The belief that New Zealand is a sporting nation is not based in reality, he said.

Dr Grant Davidson Photo: Supplied

"This whole concept that New Zealand is a sporting nation is a romantic myth quite frankly. Our participation [rate] is dropping right off and we are actually becoming a nation of sports-watchers rather than a nation of sporting participants.

"We need to expand our view of what sport is, and this whole concept of sport being all inclusive is a complete wind-up," he said.

Dr Davidson said New Zealand considered itself a rugby nation, but rugby did not make the top 20 list of activities New Zealanders took part in.

"New Zealand is a walking nation, a swimming nation. [We're] swimming at the beaches and in the lakes. We're a gardening nation but Sport New Zealand decide gardening isn't a sport. Sport New Zealand is set up under the Sport and Recreation Act 2002, and the principle is about physical, recreational and sport secondly.

"Gardening, if it gets people's hearts going, should be considered a sport."

Barrie Gordon, a health and physical education lecturer at Victoria University of Wellington, believes sport is still significant in New Zealand - but not for all people.

"We need to challenge the idea that it's important for everyone" - Dr Barrie Gordon

"We need to challenge the idea that it's important for everyone, because for many people it's not only not particularly important, but is actually a negative. I talk to and listen to many a person who is into the arts or whatever who is actually quite negative towards sport. They feel that it's so overpowering that there is not space for them," Dr Gordon said.

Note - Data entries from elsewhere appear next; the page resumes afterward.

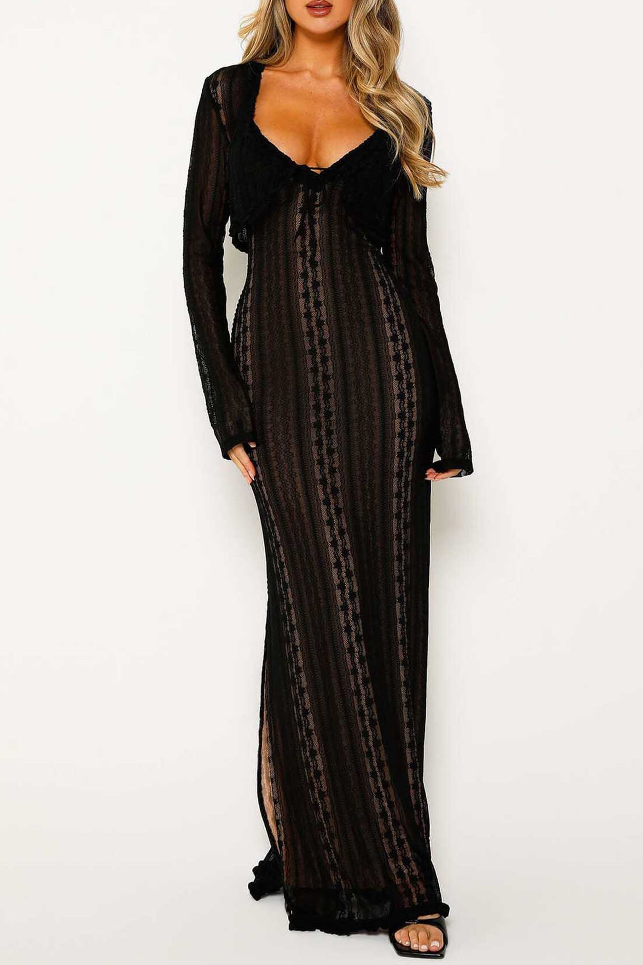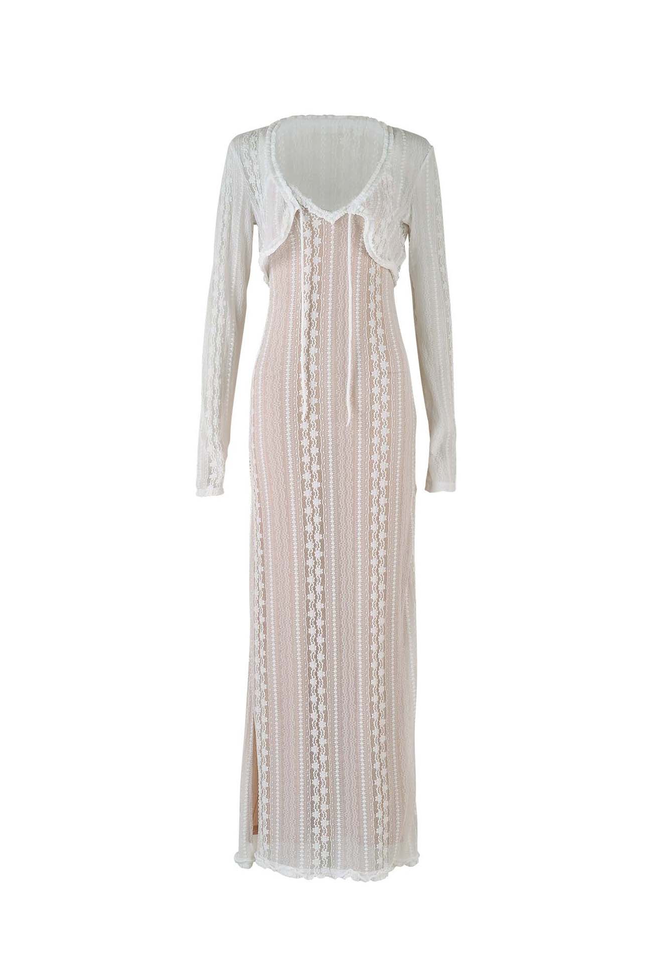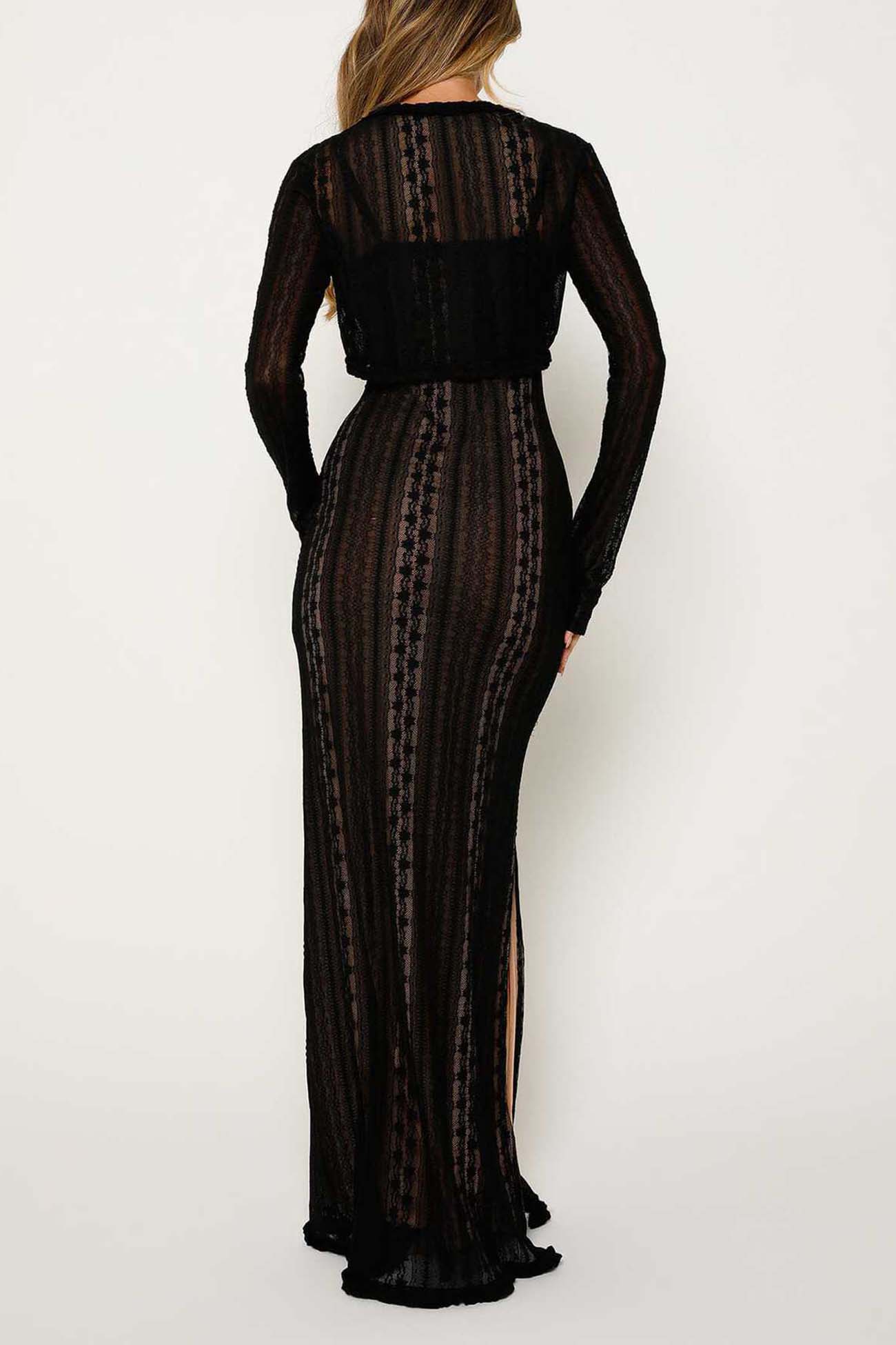 Lace V Neck Slit Two-Piece Dress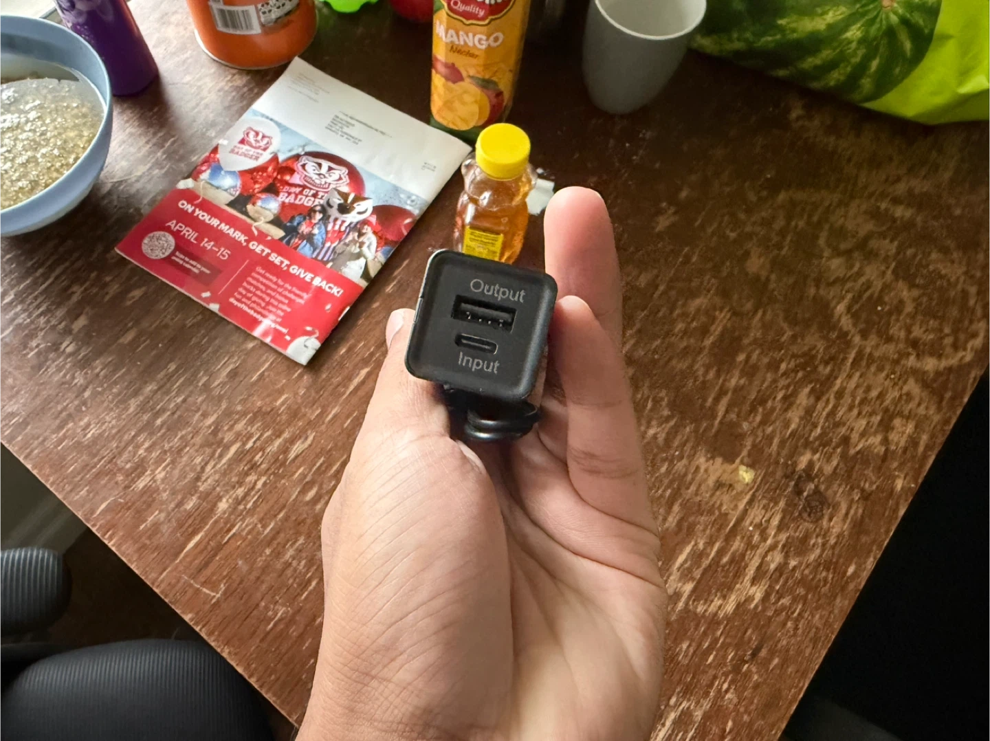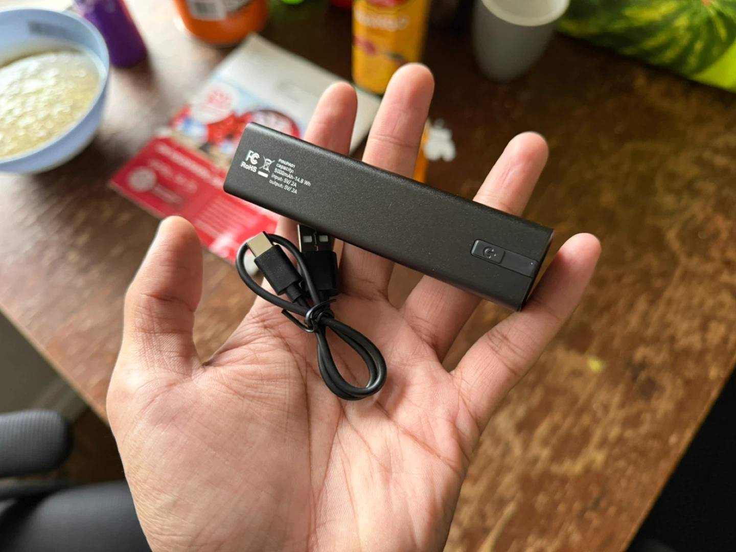 This is a black portable power bank, perfect for keeping your devices charged on the go. It features a USB-C input and output ports, and comes with a USB-C charging cable. Capacity is 5000mAh.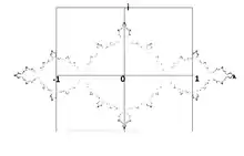 - Le cas f(z) = z2 – 1 fournit l'ensemble de Julia associé, noté[16] J–1. On peut prendre pour X le carré de centre 0 et de côté 4.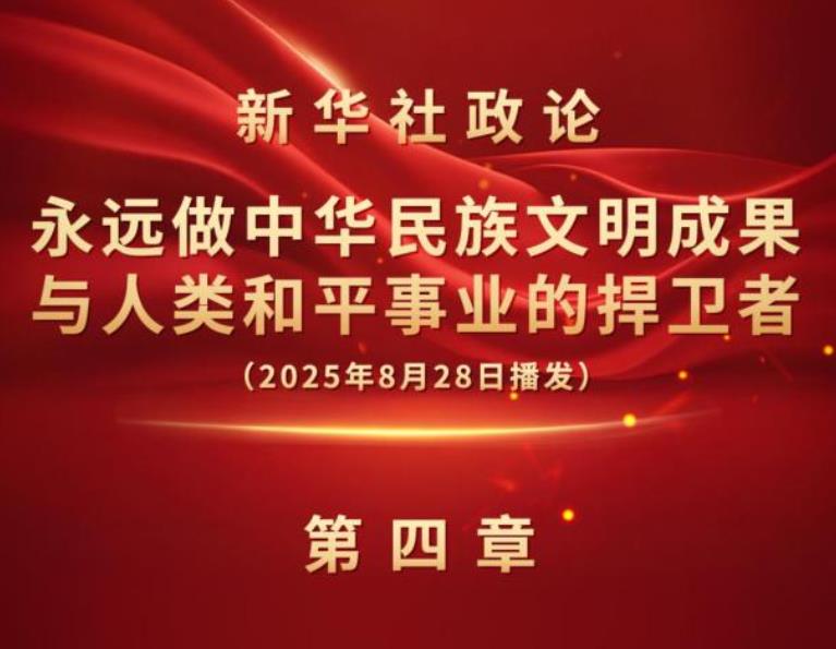 新華社8月28日播發(fā)《新華社政論|永遠(yuǎn)做中華民族文明成果與人類(lèi)和平事業(yè)的捍衛(wèi)者——寫(xiě)在中國(guó)人民抗日戰(zhàn)爭(zhēng)暨世界反法西斯戰(zhàn)爭(zhēng)勝利80周年之際》。我們邀請(qǐng)誦讀嘉賓張晚意演播“第四章”。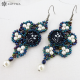 Náušnice šité z buttonků z českého modrotisku, voskových perliček, broušených korálků a rokajlu Preciosa.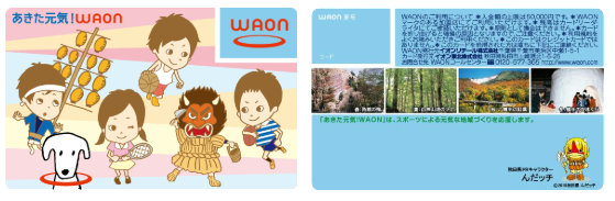イオンと秋田県は2011年6月、秋田県産品の地産地消や販路拡大、環境保全、観光振興など11項目について、相互が持つ資源を有効に活用し、秋田県の一層の活性化及び県民サービスの向上を目的に「包括連携協定」を締結した。その一環として、イオンの電子マネー「WAON」を通じて地域貢献につながるご当地WAON「あきた元気!WAON」を発行している。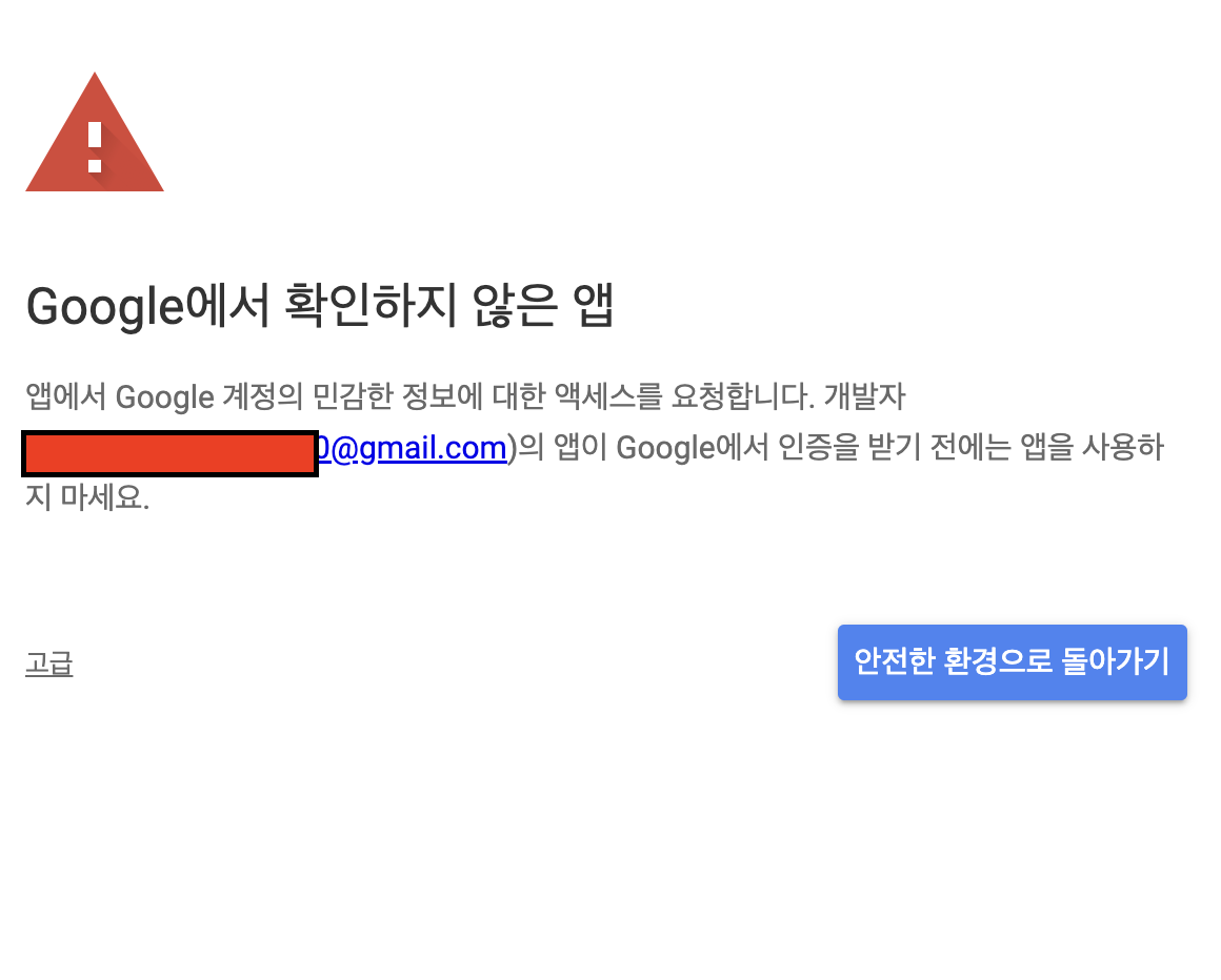 7) 그러면 아래와 같은 경고창이 뜬다. 이 경고창은 매크로 프로그램 사본을 받을 때 App Scripts가 같이 다운로드 되어지면서 본인 계정에 새롭게 생긴 프로그램이라 아직 인증이 되지 않았기 때문에 뜨는 경고로 사용하고자 하면 아래 좌측 하단의 고급 을 누른다.

Community Sport NZ general manager Geoff Barry agreed there needed to be a reassessment of the traditional definition of sport.

"What was relevant 15 or 20 years ago is still relevant to a certain group of New Zealanders, but if you go down to Frank Kitts Park in Wellington and have a conversation with the kids there who are doing skate there, identities are quite different to the historical identities."

Mr Barry said even though participation levels were dropping, New Zealand was still regarded internationally as an sporting nation.

"Yes, it is declining and our data over the last 14 years suggests there is about a 1 percent decrease annually, which is a real problem for New Zealand. But participation rates are still very, very high and so New Zealand is unique in the world in the context of valuing physical activity.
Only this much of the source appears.